At a recent meeting reviewing the total petroleum product supply this year and discussing solutions to ensure sufficient supply in the last months, Nguyen Thuy Hien, deputy director of the Domestic Market Management Department under the Ministry of Industry and Trade (MOIT), reported that the total petroleum supply, including domestically made products and imports in the first eight months of the year, was 19.6 million cubic meters of different kinds. 

Meanwhile, the country consumed 18 million cubic meters/tons, an increase of 4 percent over the same period last year. The inventory level is 1.95 million cubic meters/tons, the same as the same period last year.

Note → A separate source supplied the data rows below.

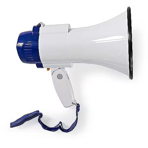 Need to speak for a longer period of time? Just hang the megaphone from your shoulder with the included strap,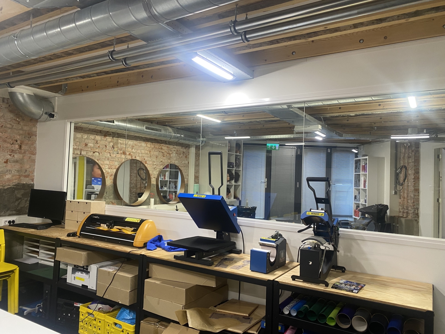Lokaal 4 is een veelzijdige drukwerkplaats die perfect is voor vergaderingen, interactieve workshops en creatieve sessies. De ruimte combineert veel werkplekken met professionele drukfaciliteiten, waardoor ideeën direct kunnen worden uitgewerkt tot tastbare producten.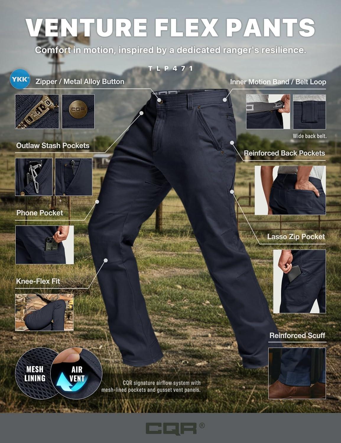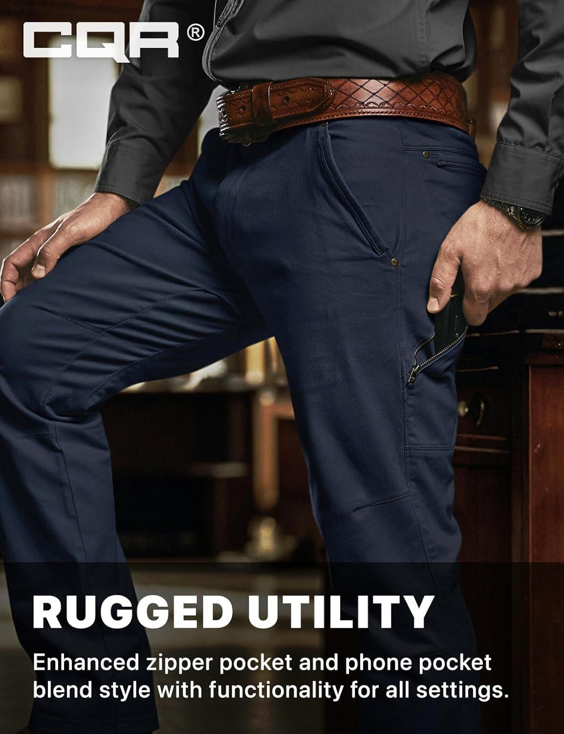 CQR Men’s Motion Utility Casual Pants, Regular Fit Lightweight Work Pants, Water Resistant Outdoor Stretch Pants with Pockets(Venture Police Navy)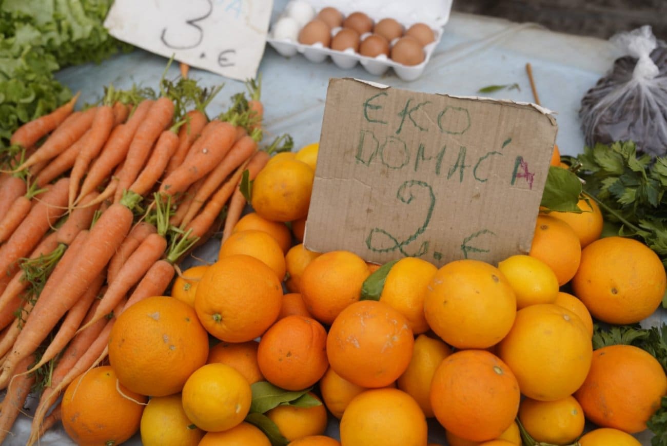 Za deset jaja triba izdvojit 3 eura, salata je, čini se na akciji. Po eurić, a donedavno je nije bilo ispod 3 eura. Krumpir se plaća od 1-2 eura. Naranče su po dva eura...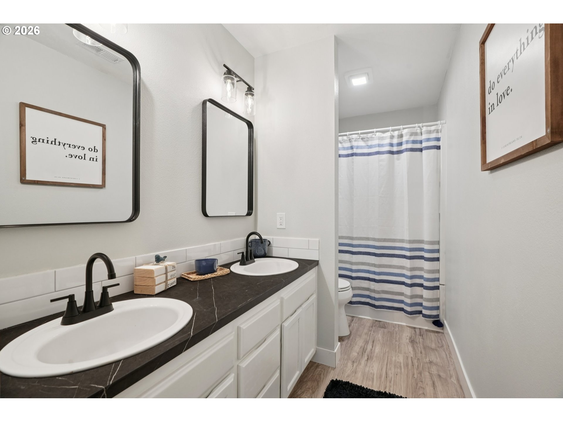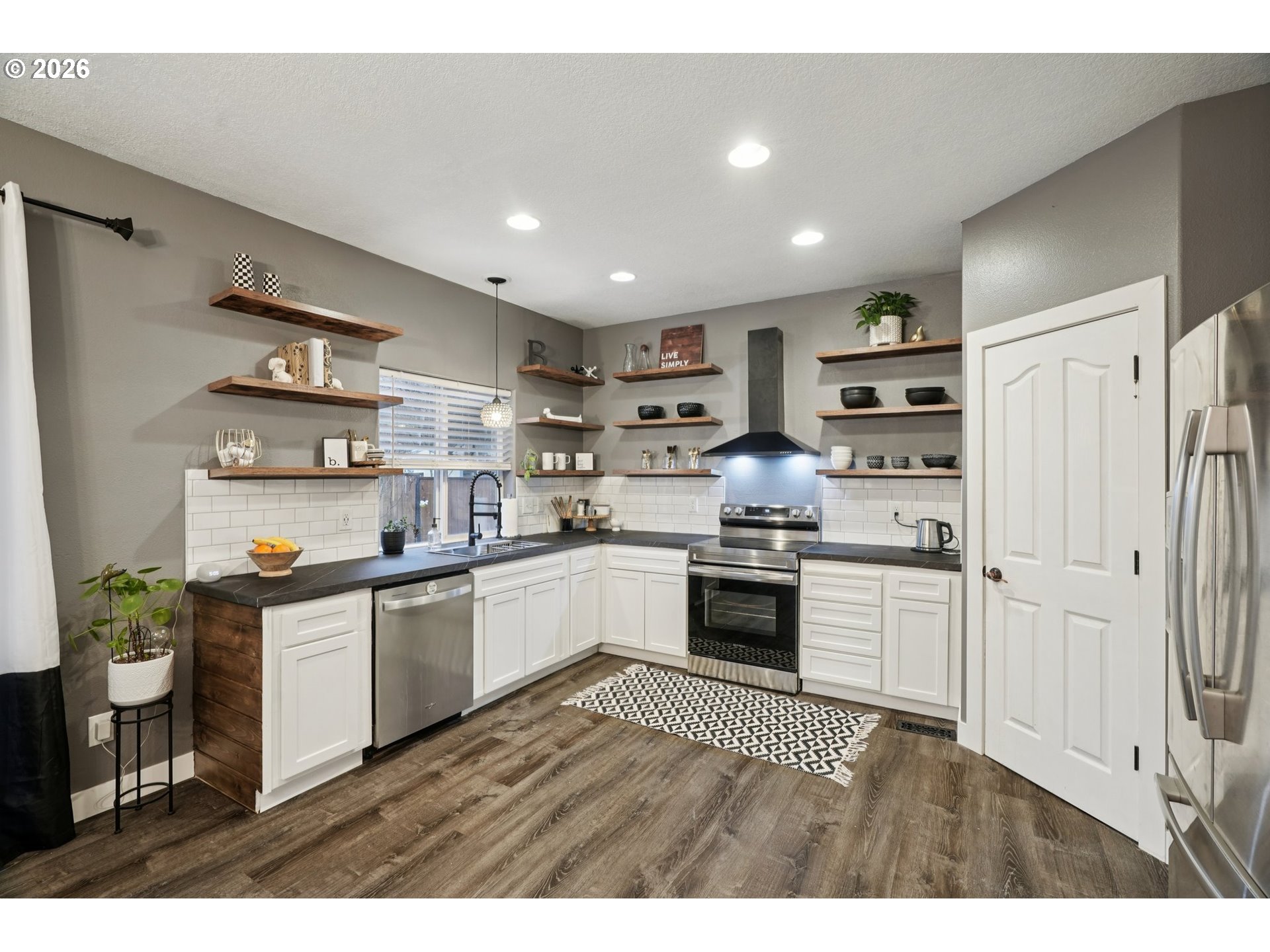 (503) 893-8874Spacious and thoughtfully designed, this traditional home offers flexible living with 5 bedrooms and multiple living spaces. The main level features a formal living room and a family room, separated by an antique barn door. The open-concept living area serves as the heart of the home, showcasing high ceilings, floor-to-ceiling picture windows that fill the space with natural light, and an updated fireplace. The newly remodeled kitchen features stainless steel appliances, wood floating shelves, a walk-in pantry, and seamlessly connects to the dining and living areas. Enjoy new vinyl flooring throughout the main level and a spacious utility room with oversized washer and dryer and abundant storage. Upstairs, the expansive primary suite offers a private retreat with soaring ceilings, elegant French doors, a large walk-in closet, and an ensuite bathroom featuring a soaking tub and separate shower. Additional bedrooms offer room to grow, including an upstairs bedroom with new vinyl flooring and remodeled guest bathrooms. The 5th bedroom features glass French doors, which can also be ideal for a home office, media room, or flexible living space. Step outside to enjoy a large patio perfect for entertaining, a level fenced backyard with green space, a storage shed, and an additional fenced area ideal for gardening or pets. Situated in a peaceful neighborhood with a low HOA, this home is just minutes from parks and everyday amenities. Come see it for yourself!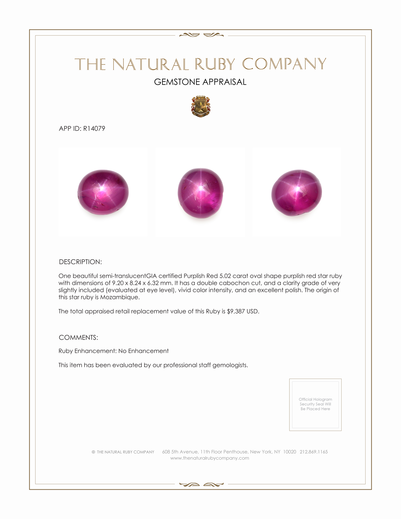 Over the years, this star ruby will not only increase in value but also multiply the memories it shares with you, becoming an integral part of your most cherished moments. Whether gifted as a token of love or passed down as a precious heirloom, its beauty promises to touch the hearts of those who gaze upon it. The enduring elegance of this gemstone makes it as timeless as the emotions it conceives, ensuring that each time its owner looks upon it, they will be reminded of the profound feelings of joy, love, and excitement that it embodies. At The Natural Ruby Company, we believe that every gemstone is an opportunity to connect deeply, to bond with the depths of nature's artistry, to spark eternal joy in our souls. Let this star ruby become the beating heart of your own everlasting legacy.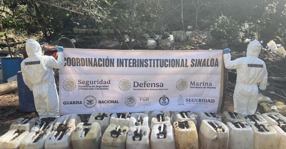 En Mocorito, Badiraguato, Culiacán y Cosalá, se inhabilitaron 16 áreas de concentración de material diverso para la fabricación de drogas sintéticas.

Regarding domestic production, according to Hien, Vietnam plans to produce 6.6 million cubic meters/tons in the last four months of 2024, and import 3.6 million cubic meters per tons. It is estimated that 8 million cubic meters per tons will be consumed, while the inventory would be 1.8-2 million tons.

“In normal conditions, supply in 2024 would be enough to satisfy production, business and people’s consumption,” Hien said.

According to VINPA (Vietnam Petroleum Association) deputy chair Trinh Quang Khanh,  typhoon Yagi and floods have caused serious damages to petroleum enterprises, especially ones in Yen Bai, Lao Cai and Phu Tho. Some petroleum facilities remain 3 meters inundated by water.

Tran Ngoc Nam, deputy CEO of Petrolimex, the largest petroleum distributor, said its 100 filling stations have been affected by the storm, and many of them are unroofed. The circulation after the storm has inundated 30 stations, making it impossible to sell goods.

However, despite the severe damages, Petrolimex can ensure sufficient supply.

“The supply will still be ready even if Soulik typhoon makes landfall in Vietnam,” he said.

As for demand for petroleum products in the last months of the year, Nam believes that it won’t be abnormally high. People in some storm-stricken areas tend to store petroleum products, but this doesn’t happen on a large scale. 

Some major distributors at the meeting proposed reducing the petroleum volume they were assigned to import for 2024.

In the first eight months of the year, 22 out of 34 major distributors imported more than 60 percent of volume assigned to them, and six distributors imported more than 100 percent. The total imports and domestic purchase have reached 18.16 million cubic meters.

Director of the Domestic Market Management Department Phan Van Chinh said the ministry still needs time to think about this as the world’s petroleum market performance remains complicated.